Kirsten recommended that I walk her around for a while in each direction to see how she would react to the restriction and support of the elastic bands. She experimented quite a bit as we made our way around the arena in a wide circle, but seemed to really appreciate the support, and was already showing positive changes in her posture and balance as a result. We made several laps to the right as she settled in, and finally changed direction to check out the other side. It was as if she hadn't walked in the bands at all, she stopped, and took slow tentative steps forward, one foot at a time. Finally she found her legs again and was able to keep moving forward and we continued our laps as she found her feet again. Kirsten suggested that we shorten the front reins, and noted that she seemed to really like the additional support. We worked until she seemed to settle into the rhythm again, and Kirsten recommended that we go ahead and start riding.
I got everything set up and climbed up and it took us a while to get organized enough to function together again. We started out rather wobbly, and the steering was almost non-existent. She was continually wiping out to the inside, and I was unable to regain the balance to keep from tipping into the circle with her. Kirsten was able to offer us support by walking ahead, and having Tali follow her, which to my relief worked to give Tali something to focus on to keep from perpetuating the capsizing inward cycle. It helped me to get my bearings and find the ball and then work to manipulate it to help her find her balance again. Having not ridden her for more than 5 months meant that the muscle memory was a bit fuzzy. Once we were off and moving on our own a little better, Kirsten was able to stop walking circles through the arena and let Tali and I find our own way. I managed to find the hang of moving and finding the ball continually as we were in motion. With the balance bands on it changed some of her movement patterns, and things were not as familiar to me. I begin to struggle when the ball gets to a point where it is more subtle rather than the gross imbalances that are the norm in the beginning.

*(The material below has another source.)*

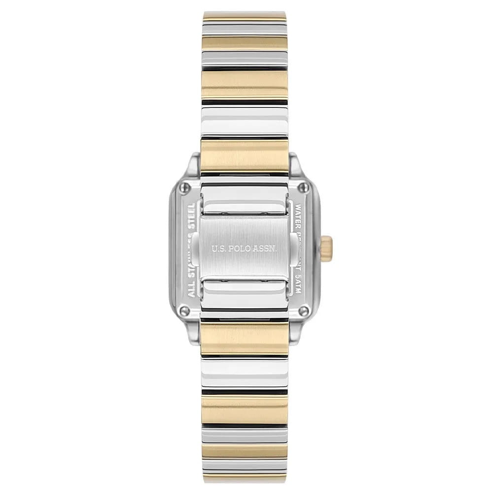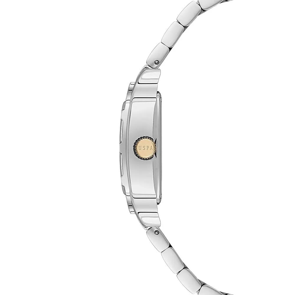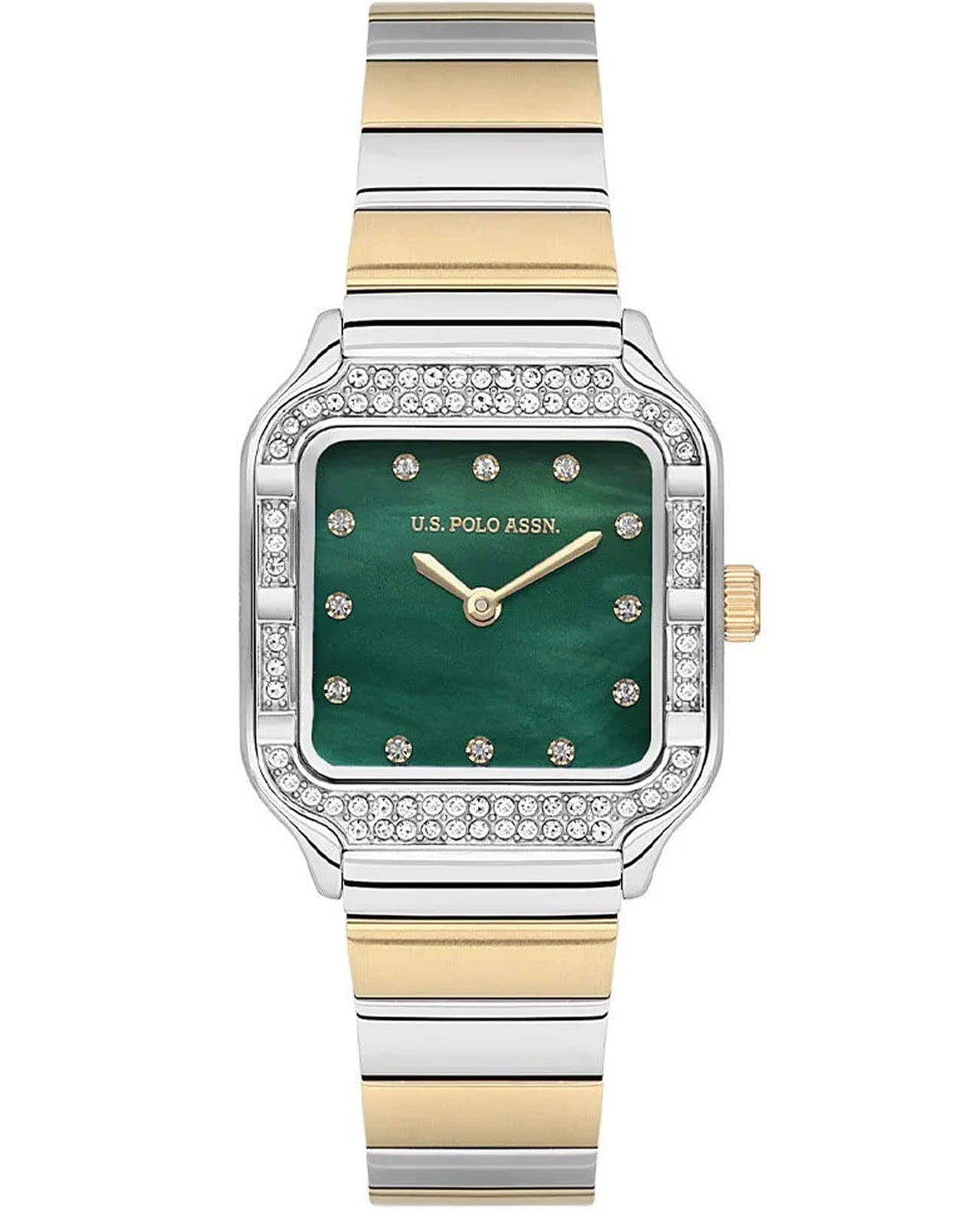 Женские элегантные часы U.S. Polo Assn. Stile USPA2100-04, кварцевый механизм с высокой точностью. Минеральное стеклоМинеральное стеклоМинеральное стекло представляет собой искусственно выращенный минерал кварца. Такое стекло отличается особой устойчивостью к повреждениям и царапинам. Уступает по некоторым качествам сапфировому стеклу. устойчивое к появлению царапин, обладающее высокой прозрачностью. Изысканный корпус изготовлен из нержавеющей стали с безелемБезельВнешний ободок, закрепляющий стекло. В спортивных часах так называется поворотное кольцо с делениями на циферблате, выполняет роль таймера – замеряет отрезки времени на шкале. Неподвижный безель – элемент декора. Однонаправленно вращающийся безель на дайверских часах позволяет фиксировать моменты погружения и выныривания на поверхность. с кристаллами. Лаконичные центральные часовая, минутная стрелки. Водонепроницаемость 5 АТМ позволяет использовать часы в повседневных условиях — при мытье рук или под лёгким дождём. Браслет выполнен из стали с IP-покрытиемIP-покрытиеМетод ионного напыления. Демонстрирует повышенную устойчивость к истиранию, окислению и химическим веществам. Под воздействием высокого давления и температуры около 1500°C молекулы металла надёжно соединяются с частицами корпуса часов. и оснащён раскладной застёжкойРаскладная застёжкаТакой тип застёжки используется только на браслетах из металла. Она никогда не раскрывается полностью, происходит разделение на 2 и более частей. Раскладывающая застёжка снизит вероятность потери часов к минимуму., обеспечивающей комфорт и уверенную фиксацию на запястье, а также добавляя завершающий штрих к этому стильному аксессуару. Циферблат с кристаллами подчёркивает изысканный характер часов, создавая универсальный образ, подходящий как для повседневных ситуаций, так и для особых случаев.

We settled out to the left and I was actually able to start doing more guiding rather than being completely subject to the whims of her balance. When we turned to go to the right we lapsed back into having problems again. I just couldn't manage to keep my weight to the outside enough. Kirsten was directing me to help rebalance, but even being super aware of it wasn't actually affecting the change. Finally, I remembered that when I need to push the left side down I also have to think of pulling the right side up. With my lifelong issue of weakness on the left, my brain can not find the power to "push" down on the left side and believe that it is effective. But when I think of pulling up on the right side things magically fall into place. Well, not quite magically, but it works. The change in Tali was instant, and I was able to get the soft control back again to guide her rather than she wandering and capsizing repeatedly.
Our ride was really good, and Tali was able to hold herself together for about 45 minutes, which is much longer than most of our other rides. We have rarely ridden longer than half of the lessons that we have had before. I was pleased with her progress, and look forward to getting back into the saddle more frequently now that the weather is warmer.